The shock was so thick in the air that Damon could hardly breathe. He felt blindly for Alexia, desperate to make sure she was still breathing herself.
As if to prove his fears were unfounded, Alexia spoke again, though she almost seemed not to have heard what Eirene had just told them.
“Michael found out about the first experiment,” she said in a dazed voice. “Now it all makes sense. He managed to hide his knowledge so well that Aegis sent him in with me, even though his first partner had died under similar circumstances. He was supposed to leave me alone with Damon, but he had his own plans. He wanted to sabotage the second experiment, because he—” She nearly choked, and Damon reached out to steady her. His hand closed on empty air.

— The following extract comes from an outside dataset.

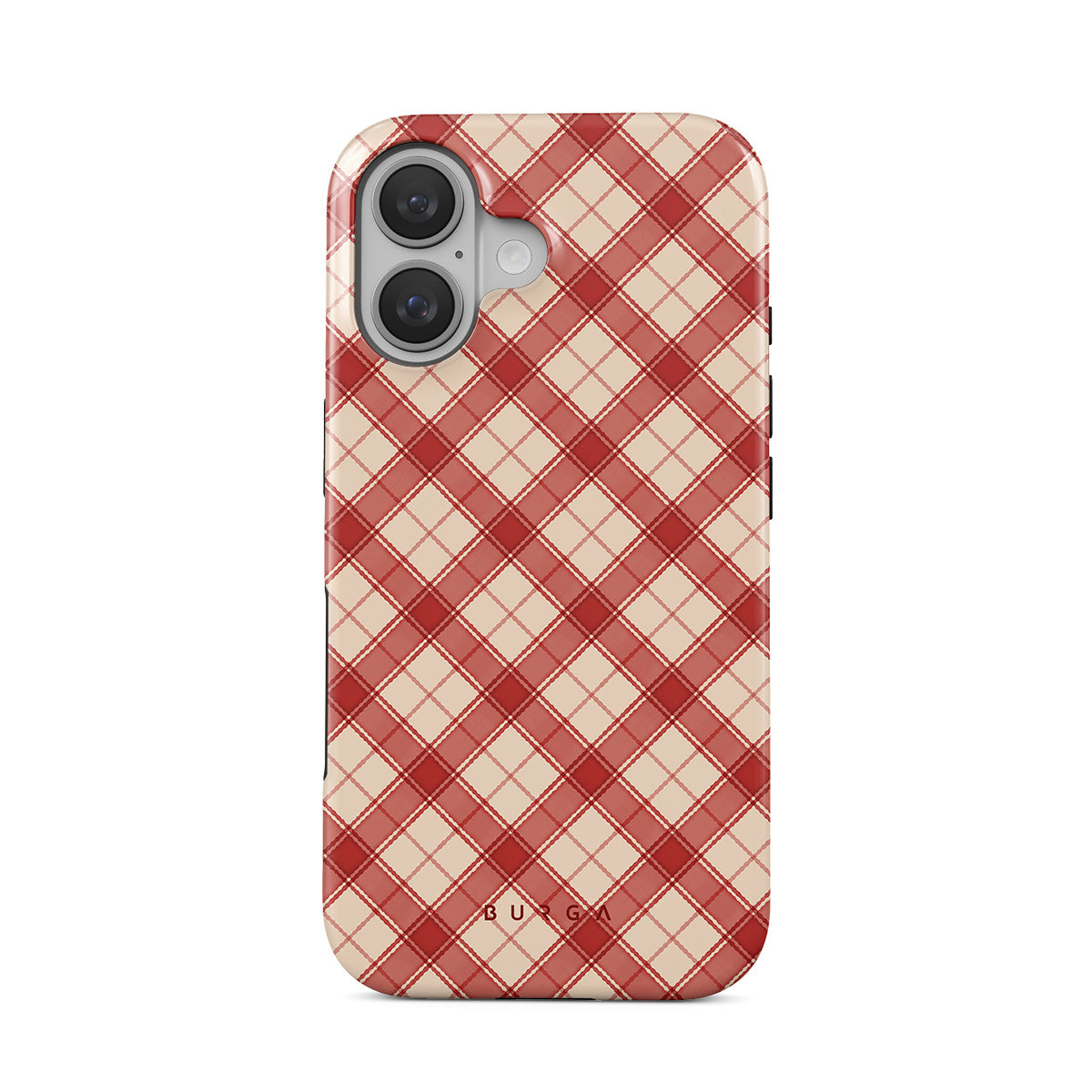 Kenmerken van dit design: rood en beige ruit, diagonaal ruitpatroon, klassiek tartan, buffalo check stijl, traditionele kerst ruit

“He wasn’t the only one who didn’t want the experiment to succeed,” Sergius said, filling the unbearable silence. “The Expansionists also learned of it and determined to stop it by killing you and Damon. After all, were you to build the bridge Theron mentioned—” he nodded toward his former mentor “—it would scarcely benefit those who wanted war.”
“And Michael wanted war, as well,” Alexia said, her voice growing stronger, “no matter whom he destroyed in the process. He led the assassins to us. Lysander was one of them, and Michael made a deal that he’d deliver my patch to him as long as he and his men didn’t kill me. It all went as Michael planned, and he took my patch. But other operatives, presumably from the Council, killed two of the assassins before they could finish Damon off, and Michael fled.”